Regulated Ire1-dependent mRNA decay requires no-go mRNA degradation to maintain endoplasmic reticulum homeostasis in S. pombe
Nicholas R Guydosh,
Philipp Kimmig,
Peter Walter,
Rachel Green
Affiliations
Nicholas R Guydosh
Department of Molecular Biology and Genetics, Howard Hughes Medical Institute, Johns Hopkins School of Medicine, Baltimore, United States; Laboratory of Biochemistry and Genetics, National Institute of Diabetes and Digestive and Kidney Diseases, National Institutes of Health, Bethesda, United States
Philipp Kimmig
Department of Biochemistry and Biophysics, Howard Hughes Medical Institute, University of California, San Francisco, San Francisco, United States; Institute of Biochemistry, ETH Zurich, Zurich, Switzerland
The unfolded protein response (UPR) monitors and adjusts the protein folding capacity of the endoplasmic reticulum (ER). In S. pombe, the ER membrane-resident kinase/endoribonuclease Ire1 utilizes a mechanism of selective degradation of ER-bound mRNAs (RIDD) to maintain homeostasis. We used a genetic screen to identify factors critical to the Ire1-mediated UPR and found several proteins, Dom34, Hbs1 and Ski complex subunits, previously implicated in ribosome rescue and mRNA no-go-decay (NGD). Ribosome profiling in ER-stressed cells lacking these factors revealed that Ire1-mediated cleavage of ER-associated mRNAs results in ribosome stalling and mRNA degradation.
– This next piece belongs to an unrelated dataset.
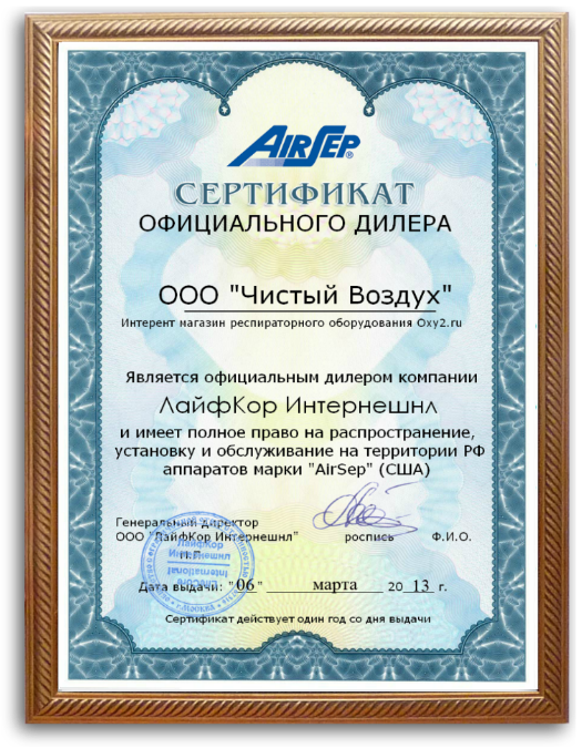 Сертификат подтверждающий, что наша компания является официальным дилером по распространению кислородных концентраторов торговой марки AirSep.

Stalled ribosomes iteratively served as a ruler to template precise, regularly spaced upstream mRNA cleavage events. This clear signature uncovered hundreds of novel target mRNAs. Our results reveal that the UPR in S. pombe executes RIDD in an intricate interplay between Ire1, translation, and the NGD pathway, and establish a critical role for NGD in maintaining ER homeostasis.